Among these amines, MEA has the highest absorption power (MEA > AMP > DEA ≫ MDEA) [5]. Economically, MEA is the cheapest and MDEA is the second cheapest solvent to reduce the CO₂ emission. In CO₂ capture through MEA-based processes, the minimum reboiler duty is 3.1 GJ/tCO₂, which reduces the net power efficiency from 38.9 to 29.8% [6,7]. This high energy requirement for absorbent regeneration is due to higher reaction enthalpy of MEA solvent and CO₂. According to Li, Cousins [6], the heat of decomposition of carbamate is around 2.12 GJ/t CO₂, which contributes about 68% of reboiler duty. The MEA’s absorption reaction heat is about 95 kJ/mol CO₂ [8] and cannot be affected by the process improvements. Thus, further reduction in reboiler duty will be very difficult in MEA-based processes. Several solvents and process modifications have been adopted to reduce the energy requiremnts [9,10,11,12].

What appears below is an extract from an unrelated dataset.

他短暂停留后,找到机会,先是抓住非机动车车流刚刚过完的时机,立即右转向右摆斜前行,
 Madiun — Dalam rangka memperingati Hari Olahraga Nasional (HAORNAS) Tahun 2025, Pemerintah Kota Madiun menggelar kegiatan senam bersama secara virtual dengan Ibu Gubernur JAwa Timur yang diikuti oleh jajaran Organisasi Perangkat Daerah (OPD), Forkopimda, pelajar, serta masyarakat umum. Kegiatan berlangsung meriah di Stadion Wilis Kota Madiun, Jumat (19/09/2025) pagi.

A suitable solvent must be selected in the capturing process that has low energy consumption, and MDEA is such a solvent. The decomposition heat of MDEA and CO₂ bicarbonate is 61 kJ/mol CO₂, which is very much lower than the carbamate of MEA and CO₂ [13]. Moreover, MDEA has a low degradation and corrosion rate, which makes it more attractive for the CO₂ capture process [14]. However, MDEA also has the drawback of low absorption rate, which makes its application limited in CO₂ removal processes [14]. An absorption rate promoter is required to enhance the absorption rate of MDEA. Piperazine (PZ) has been investigated to be one of the effective promoters in potassium carbonate, MDEA, and MEA as it quickly makes the carbamates with CO₂ [15].

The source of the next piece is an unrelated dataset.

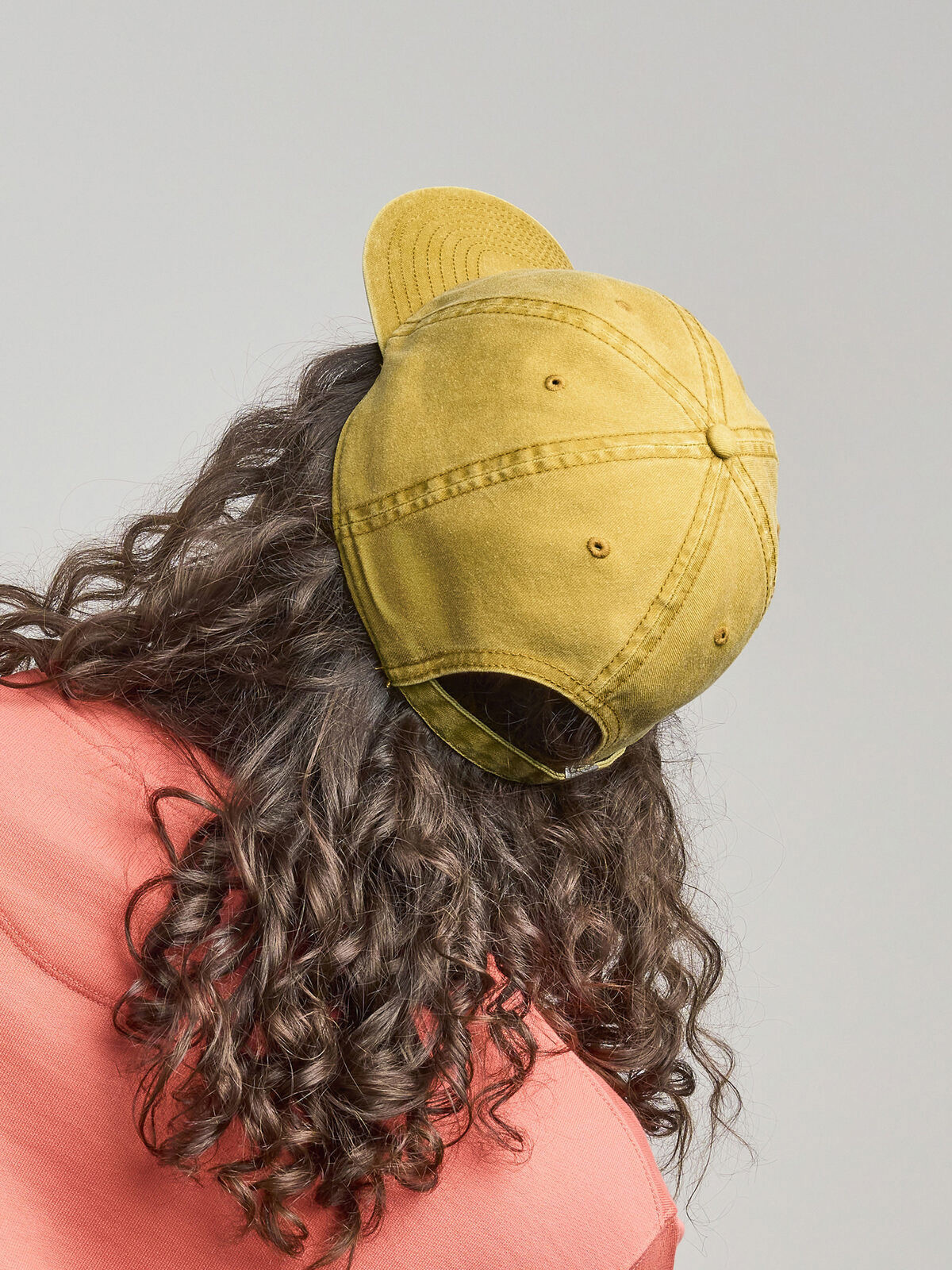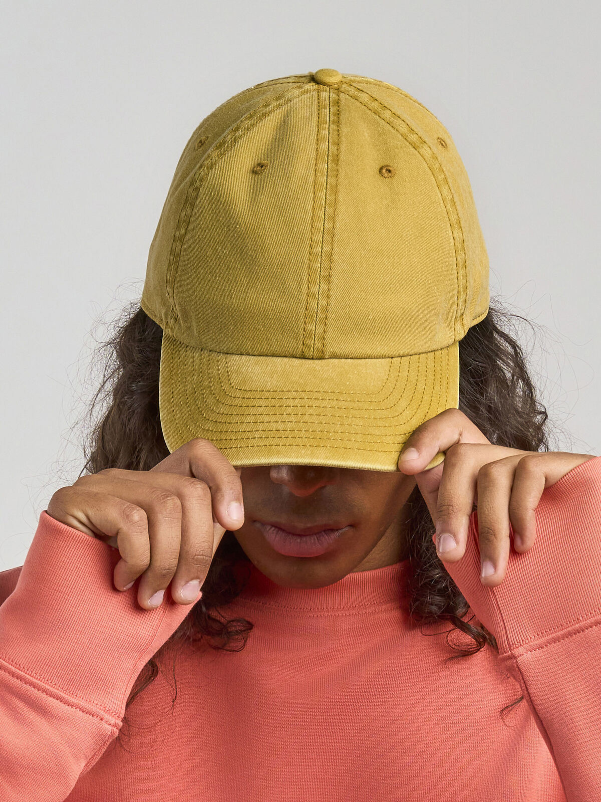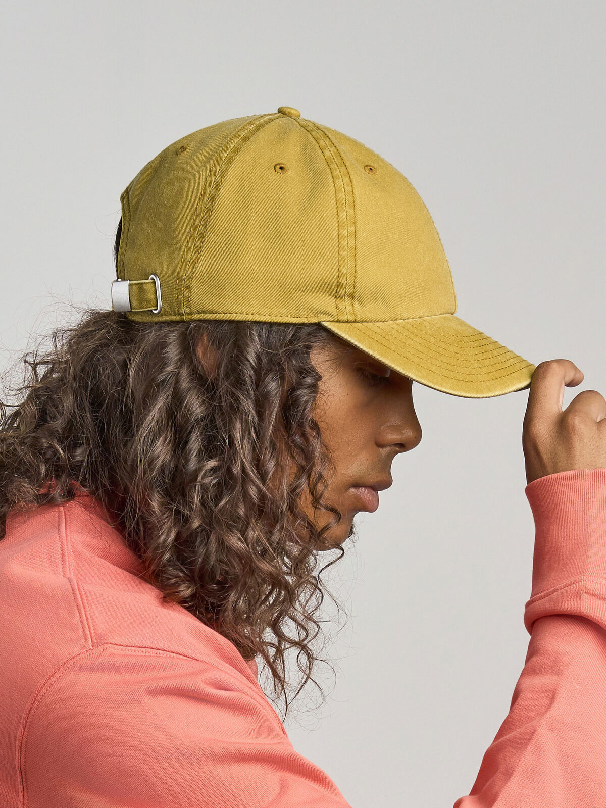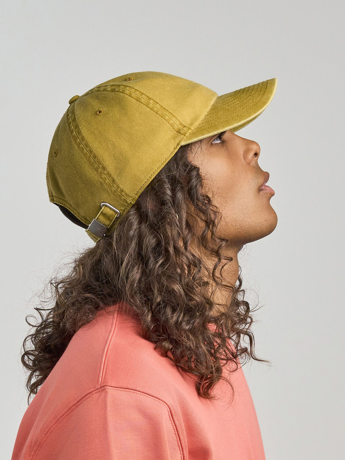 50% recycled cotton, 50% cotton. Deconstructed 6-panel hat, pigment dyed fabric, embroidered eyelets, recycled plastic visor interior, metal buckle closure.
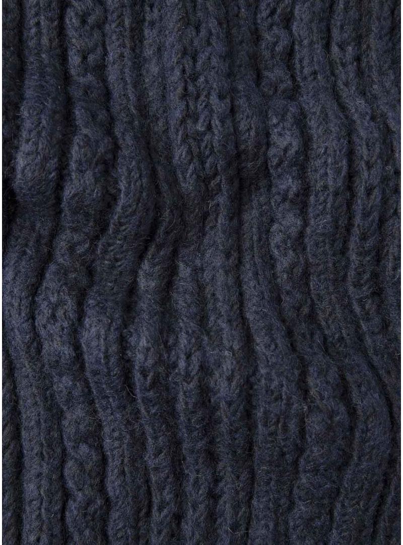 Cachecol Pepe Jeans. Modelo Skyler. Cor azul marinho. Corte retangular. Tecido canelado. Etiqueta da marca na parte inferior.

The reaction rate of PZ towards CO₂ compared to other amines is very high [14]. PZ-activated MDEA solution has been introduced by many leading companies, including Huntsman Corporation and Shell, Dow Chemical Company, etc. [13]. Bishnoi and Rochelle [16] have shown that MDEA/PZ blends can absorb CO2 rapidly as compared to MEA or DEA blends with MDEA. Mudhasakul, Ku [4] have developed a model in Aspen Plus to capture CO₂ from the actual natural gas unit by using a mixed solvent of MDEA and PZ. They showed that the CO₂ absorption rate is greatly enhanced by increasing the PZ concentration and proposed that 5% of PZ is the most suitable concentration to be mixed with 45% of MDEA.

Generally, a blended solution of MDEA/PZ with 5 wt.% PZ and 45 wt.% MDEA has been used to capture CO₂ from the flue gas of natural gas and ammonia plants [14]. Frailie [13] investigated different concentrations of MDEA and PZ solutions to remove CO₂ from coal-fired power plants, including 8 wt.% of PZ and 42 wt.% MDEA, and 21 wt.% of PZ and 29 wt.% MDEA. Zhao, Liu [17] showed that 5 wt.% PZ is not enough to properly remove CO₂ from a coal power plant’s flue gas. They have obtained reboiler duty 2.74 GJ/t CO₂ at MDEA/PZ concentration ratio of 30/20 wt.%. They proposed different process modifications including simple rich-split, absorber intercooling, stripper inter-heating, advanced rich-split, and their combinations to further reduce the energy demand up to 2.24 GJ/t CO₂.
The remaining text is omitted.